Billionaire Robert Kraft’s lawyers claim police clearly violated the law when they secretly planted cameras inside a massage parlor. But it wasn’t the first time cops have used the controversial tactic.

In South Florida, the police have used court-approved warrants to spy on and record private rubdowns for prostitution stings. Officers in Boca Raton used secret cameras for similar massage-parlor crackdowns at least twice — in 2007 and 2014, charging dozens of johns and madams, records show.

State and federal laws prevent law enforcement agencies from using secret cameras for investigations that are specifically limited to prostitution. This has set the stage for Kraft’s lawyers, who’ve turned his criminal charges into a test case for whether cops can legally carry out such “sneak and peek” operations.

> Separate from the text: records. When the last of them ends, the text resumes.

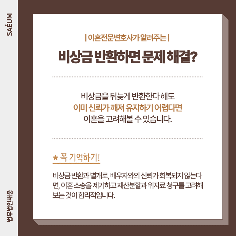 즉, 비상금 자체를 반환하는 것과 별개로, 배우자가 혼인 파탄의 원인을 제공했다는 점은 그대로 남아 있습니다. 따라서 신뢰가 회복되지 않는다면, 이혼 소송을 제기하고 재산분할 및 위자료 청구를 고려하는 것이 합리적입니다.
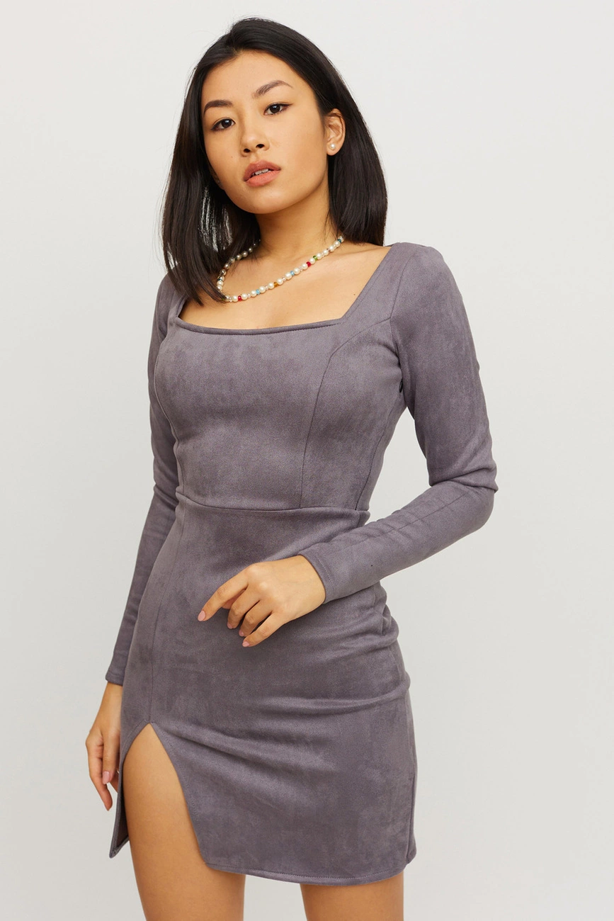 Платье-футляр мини длины из искуственного замша. Небольшой разрез, змейка в левом боку.
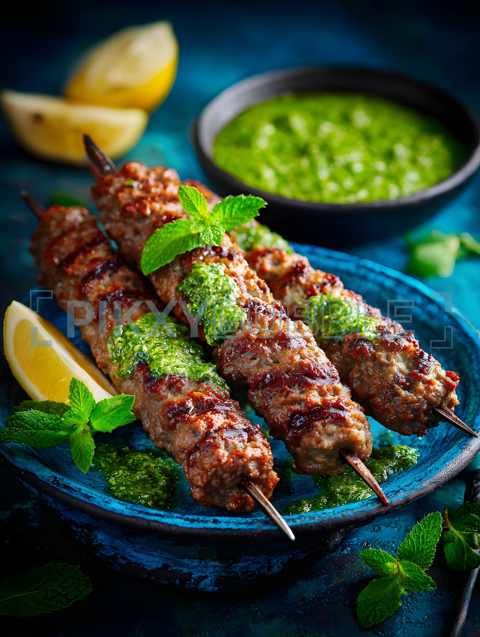 Délicieux brochettes de viande avec une sauce verte exquise :
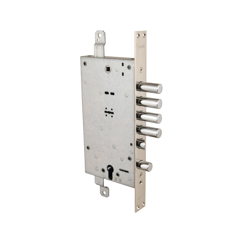 Замок врезной двухсистемный Mottura 54.787 предназначен для металлических и бронированных дверей. Основной сувальдный замок + вспомогательный цилиндровый замок. Реверсивной защелке, подходит для левых и правых дверей. Верхний сувальдный 4 оборотный замок с тремя точками запирания с защелкой диаметром 20 мм, приводимой в действие ключом, фалевой ручкой и цилиндровым механизмом. Круглые ригели диаметром 18 мм с ходом 40 мм для сувальдного замка. Нижний замок 2 оборотный под европейский цилиндр с круглыми ригелями диаметром 18 мм с ходом 22 мм. Бэксет: 63 мм. Ход тяг 20 мм.
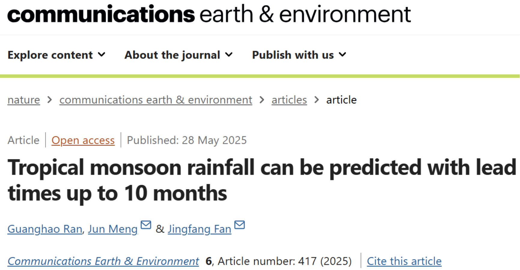 近日,万博体育app 樊京芳教授团队在Nature旗下权威国际期刊《Communications Earth & Environment》(影响因子8.1)正式发表题为《Tropical monsoon rainfall can be predicted with lead times up to 10 months》的研究论文。该成果由万博体育app 、香港浸会大学与中国科学院大气物理研究所联合完成。论文由香港浸会大学博士研究生冉光豪(北京邮电大学硕士毕业生)为第一作者,万博体育app 樊京芳教授与中科院大气物理所孟君副研究员为共同通讯作者。
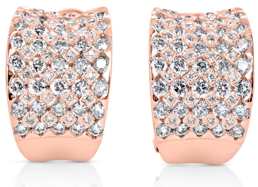 LARGE 14KT ROSE GOLD CLIP ON HANGING EARRINGS. 3D MULTI ROW ROUND AND SQUARE SETTING UMBRELLA DESIGN. DIAMONDS ARE F/G COLOR, VSSI CLARITY 2.28 CARATS. MEASURES 11mm WIDE. WRITTEN APPRAISAL AVAILABLE. COMES IN A PRESENTABLE GIFT BOX.
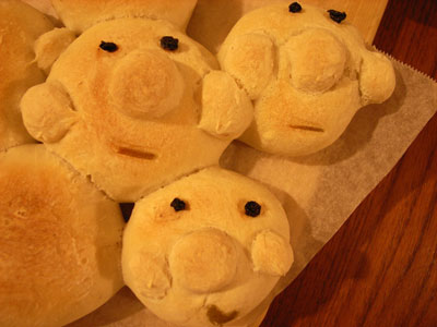 みてみて、今日のパン、アンパンマン! 焼く前はちゃんとアンパンマンだったのに、膨らんでコブとり爺さんになっちゃった。 もちろんアンパンです。
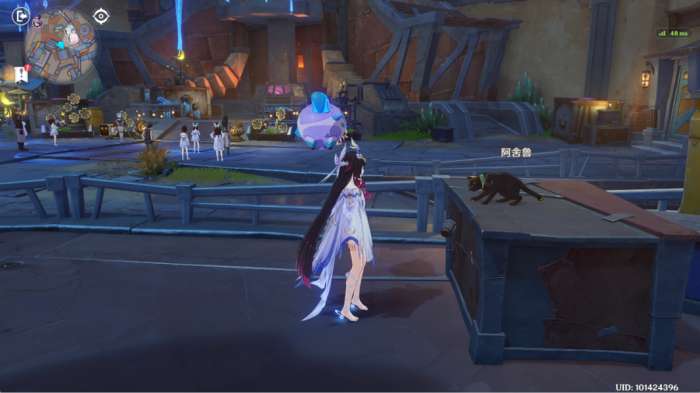 ⑥小机器人实验。朝合成台方向前进,在坡道旁边有一个九宫格显像机器人实验,可以交互玩小游戏。通关3次会给1万摩拉。
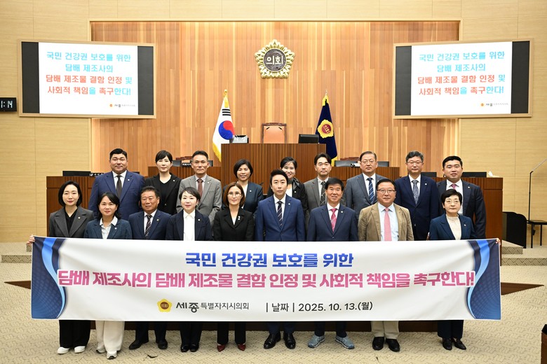 세종시의회는 이번 결의안을 통해 “담배 제조물의 결함과 기업의 책임을 명확히 시사해 국민의 생명과 건강을 보호하기 위한 제도적 기반을 강화해 나가겠다”고 밝혔다.
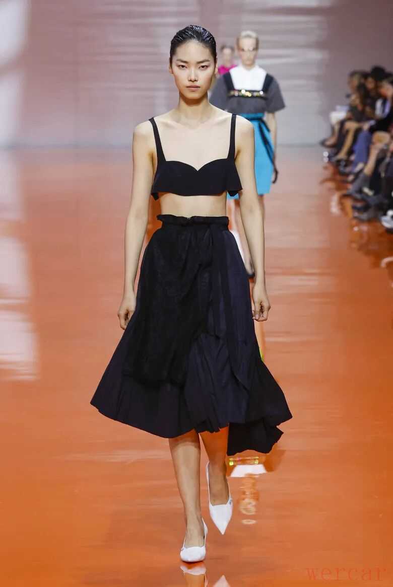 在这个系列中同样具有标志性。去掉支撑结构的胸衣,搭配以腰带束缚的半裙,服装在结构被简化后释放出前所未有的轻盈感。更耐人寻味的是,纵观整场秀,除了制服裤装依然保留拉链与纽扣之外,所有下装都改以松紧带或自由绑带完成,从而彻底摆脱了尺码与身材间的精密契合。下装的故事尚未结束,注意那些蓬蓬的半身裙,它们选用了特殊的材质,使得穿着者可以通过自己塑形半裙的形态。还有那些超短的松紧带短裤,纽扣敞开的搭配着无支撑内衣的针织衫……一切看起来都松松的。
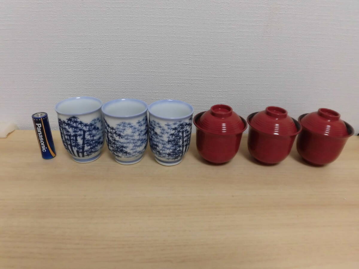 - 中古品★昭和レトロ アンティーク★ミニ食器 和食器 ミニサイズ お湯呑&味噌汁茶碗(フタ付き)

The stealthy surveillance has raised the issue of privacy against a national backdrop of people worrying about high-tech government snooping.

In the Boca Raton cases, no celebrities were involved and hardly anyone raised a fuss over the covert filming. And those are just the times when “sneak and peek warrants” were revealed through news accounts of massage parlor busts.

Yet now there’s a furor over the misdemeanor charges faced by Kraft, the 77-year-old New England Patriots owner over his visits in January to the Orchids of Asia Spa in Jupiter.

Battling secret cameras

Many of the legal questions surrounding the Kraft case remain unanswered: Did the Jupiter police go too far with their sneak-and-peek tactic to go after prostitution?